Dataset entries: Begin

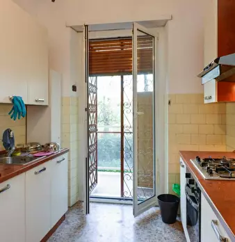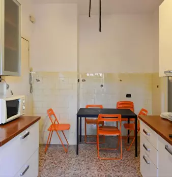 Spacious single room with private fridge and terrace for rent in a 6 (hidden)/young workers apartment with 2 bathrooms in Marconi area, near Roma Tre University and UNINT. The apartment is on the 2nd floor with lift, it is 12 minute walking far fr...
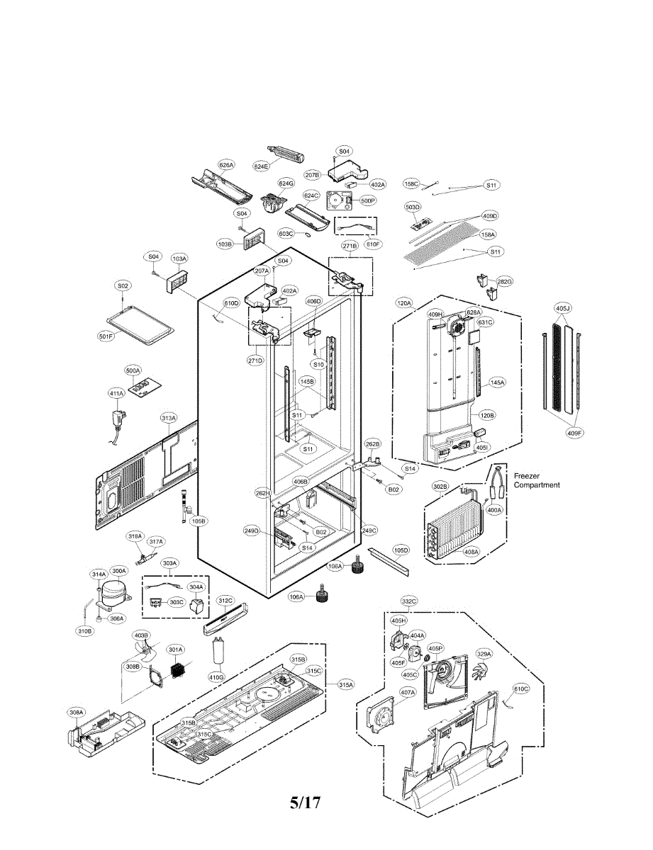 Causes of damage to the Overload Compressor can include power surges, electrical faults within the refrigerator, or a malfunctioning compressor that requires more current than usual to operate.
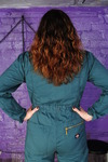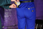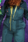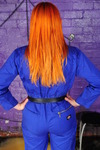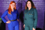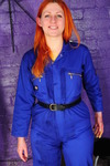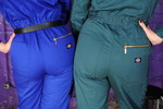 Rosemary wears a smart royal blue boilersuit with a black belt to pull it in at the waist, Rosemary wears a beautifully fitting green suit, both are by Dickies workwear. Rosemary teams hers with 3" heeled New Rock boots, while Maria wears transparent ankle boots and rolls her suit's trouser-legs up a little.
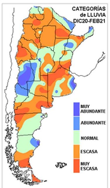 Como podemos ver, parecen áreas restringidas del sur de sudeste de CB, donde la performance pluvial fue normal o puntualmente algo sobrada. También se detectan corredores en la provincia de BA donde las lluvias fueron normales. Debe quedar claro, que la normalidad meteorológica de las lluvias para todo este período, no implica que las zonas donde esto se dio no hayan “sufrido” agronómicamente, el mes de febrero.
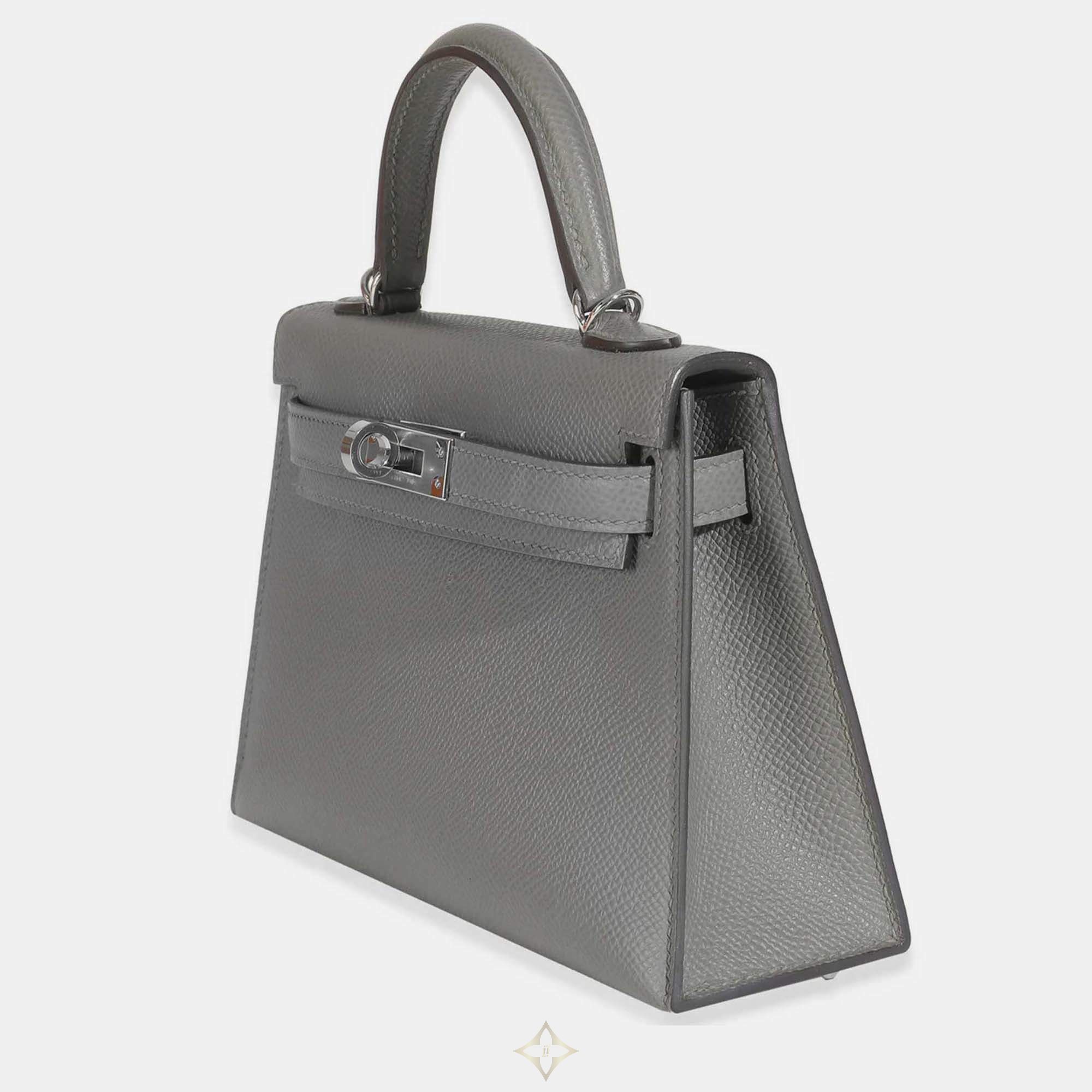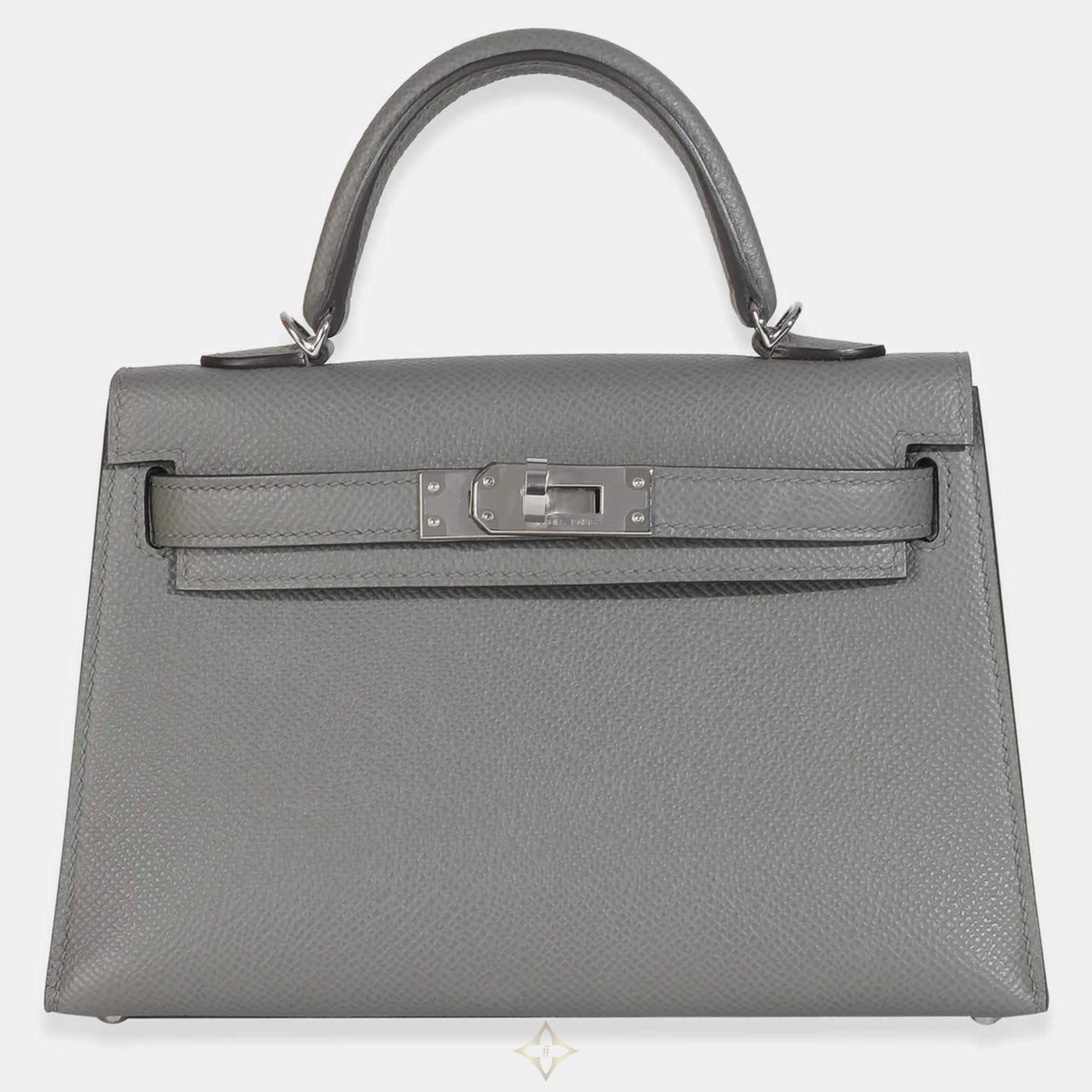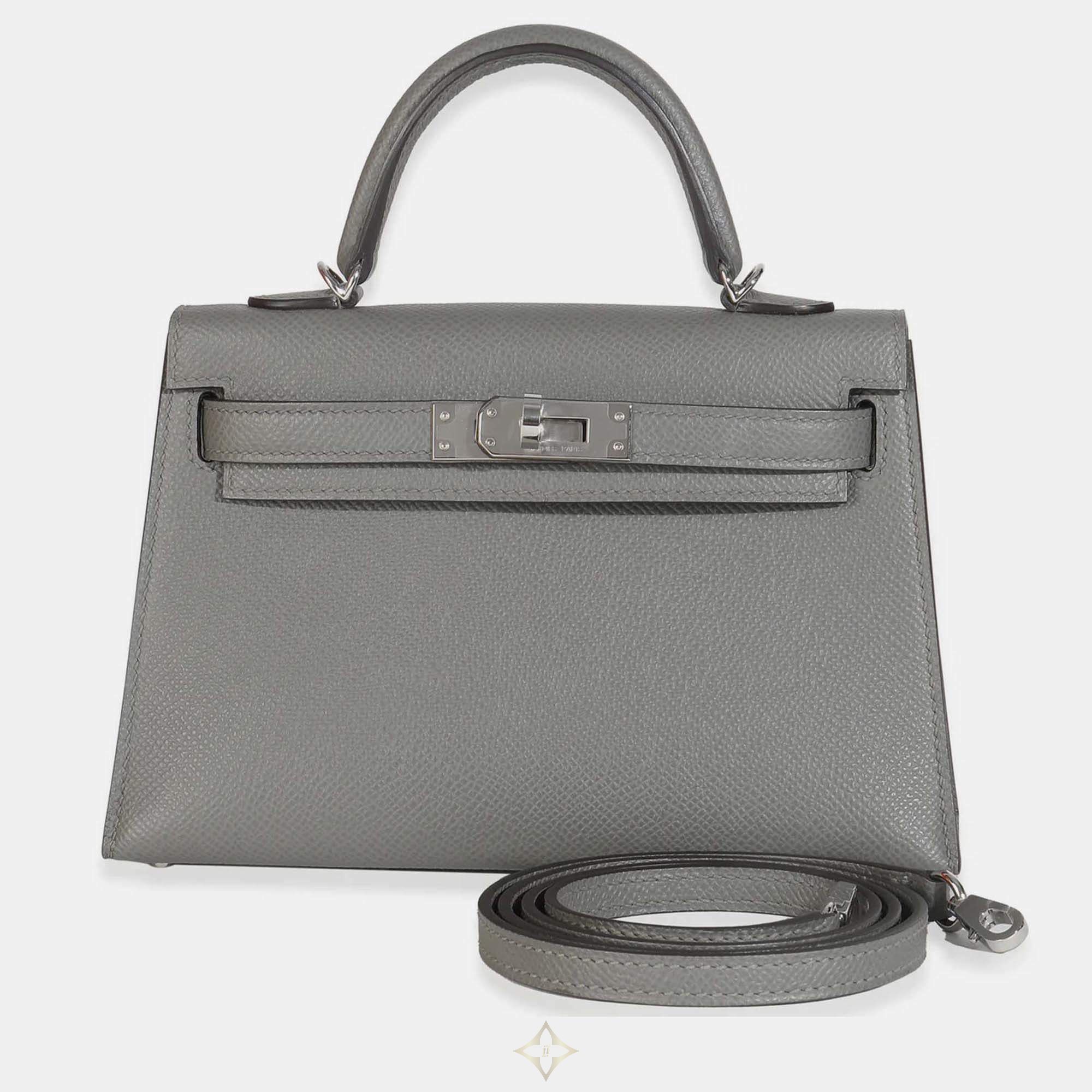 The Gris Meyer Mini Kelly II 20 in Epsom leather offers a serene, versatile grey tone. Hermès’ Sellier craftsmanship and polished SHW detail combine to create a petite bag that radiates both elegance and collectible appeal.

Dataset entries: End

The problem >>
Output each of the lines above exactly, apart from the images.

Expected answer >>
 Spacious single room with private fridge and terrace for rent in a 6 (hidden)/young workers apartment with 2 bathrooms in Marconi area, near Roma Tre University and UNINT. The apartment is on the 2nd floor with lift, it is 12 minute walking far fr...
 Causes of damage to the Overload Compressor can include power surges, electrical faults within the refrigerator, or a malfunctioning compressor that requires more current than usual to operate.
 Rosemary wears a smart royal blue boilersuit with a black belt to pull it in at the waist, Rosemary wears a beautifully fitting green suit, both are by Dickies workwear. Rosemary teams hers with 3" heeled New Rock boots, while Maria wears transparent ankle boots and rolls her suit's trouser-legs up a little.
 Como podemos ver, parecen áreas restringidas del sur de sudeste de CB, donde la performance pluvial fue normal o puntualmente algo sobrada. También se detectan corredores en la provincia de BA donde las lluvias fueron normales. Debe quedar claro, que la normalidad meteorológica de las lluvias para todo este período, no implica que las zonas donde esto se dio no hayan “sufrido” agronómicamente, el mes de febrero.
 The Gris Meyer Mini Kelly II 20 in Epsom leather offers a serene, versatile grey tone. Hermès’ Sellier craftsmanship and polished SHW detail combine to create a petite bag that radiates both elegance and collectible appeal.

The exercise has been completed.